An essay about Gaza, about leaving, and about carrying memories.
I always thought of Gaza as a place where time folded in on itself. A closed world – dense, familiar, overwhelming – where you grow too fast or not at all.
I was the child my aunts, my older cousins, and even my friends’ mothers would pull into conversations about family issues, relationships, and everyday problems.
My teacher called me “the sharpened tongue”, not because I was rude, but because I refused to be shaped into someone softer, quieter, more acceptable.
Sometimes, I slipped into the moments that reminded me I was a child – like sewing tiny clothes for my Barbies with my cousins.
But usually, I hovered somewhere between the world of children who didn’t quite understand me and the world of adults whose conversations I somehow understood.
On Fridays, my family used to drive from our neighbourhood in as-Sudaniya down the coastal al-Rashid Street to Rafah – about an hour’s drive.
One of those days, Gaza felt less like a cage, more like a home.
I was 12, and my siblings and I joked about old memories – the way my brother used to mispronounce words, the tiny disasters that became inside jokes only we understood.
I always knew I would leave. I remember a family gathering when every girl my age was asked where she planned to study – in Gaza, they meant, naming local universities as if the question had no other geography.
When it was my turn, I blurted: “Study in Gaza? I’m going abroad. I’ll be a journalist like my father.”

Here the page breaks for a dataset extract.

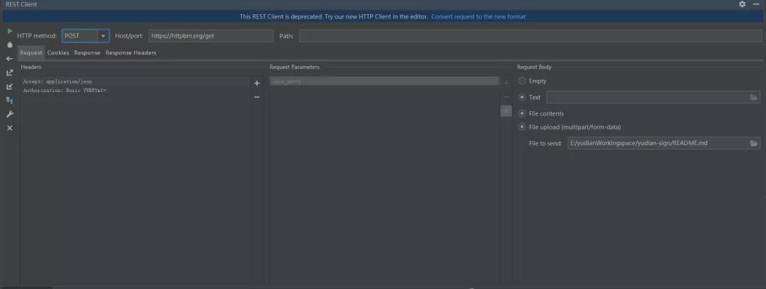 上面的历史记录就是一个完整的IDEA REST Client请求脚本,如果你是从控制台触发的,那么可以直接复制历史请求记录的文件放到项目里作为HTTP请求的脚本,给其他成员共享,如果不是,也可以直接新建一个.http或者.rest结尾的文件,IDEA会自动识别为HTTP请求脚本。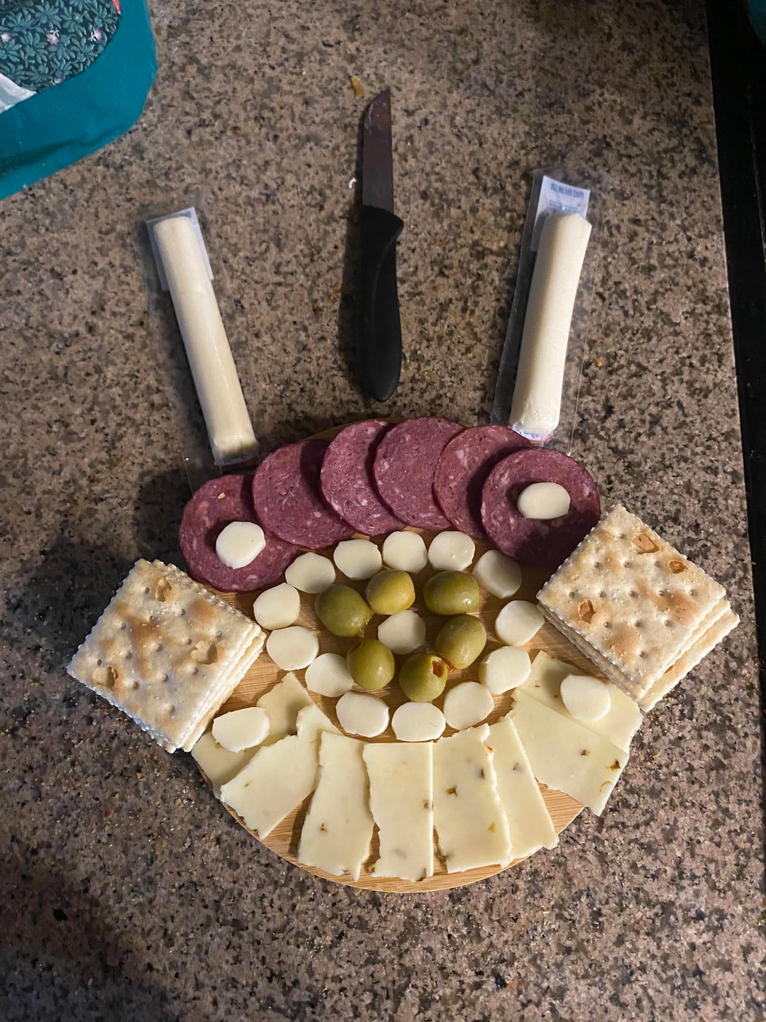 made with saltine crackers, deer meat, pepper jack cheese, mozzarella cheese and stuffed manzanilla olives with pimiento by Such_Square_7771 Charcuterie Charcuterie Board

Some people encouraged me. Others laughed. But I already felt the world outside calling.
The world calling
When I left Gaza in 2019 at 17 to study international relations, it was the first time I flew on my own, and because I was under 18, I carried a court document permitting me to travel alone.
At the Rafah crossing, I stood between my father and older brother, Omar, memorising their faces.

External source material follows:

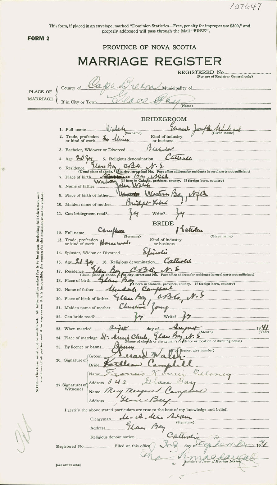 Registration: Year: 1941 number: 107647

At every airport, I was pulled aside for extra searches because of my black passport. Officers asked why I was travelling alone, where I was going, what I planned to study – ordinary questions to them that felt like tests I had to pass to earn a life outside the only world I knew.
My first night in Cyprus, I slept more deeply than I ever had in my life.
When I woke to a loud sound, my body panicked, as if it were an explosion. I ran into the corridor only to find suitcase wheels dragging across the floor.
Then my mind caught up with my body: You’re not in Gaza anymore.
That morning, I wandered the dorms looking for a mini market. Someone told me it was in the basement, but I got lost in the corridors, trying to buy an adapter and some toast.
Everything felt unfamiliar – especially the silence.
Nothing hummed, nothing hovered, nothing threatened. The stillness almost frightened me.
My first real conversations were at the English prep course at the university. It was a small classroom that felt like a tiny world: Classmates from Cyprus, Turkiye, Lebanon, Morocco, Libya.
We traded words and accents, and my teacher loved how quickly I learned new vocabulary.
When I told people I am from Palestine, some heard “Pakistan”, or pointed vaguely at their maps; I showed them pictures, then places.
In classes, some asked whether we “actually had a life” there. One person asked, sincerely, if Gaza existed. The confusion wasn’t malicious; it was a vacuum in the world’s imagination where my home is.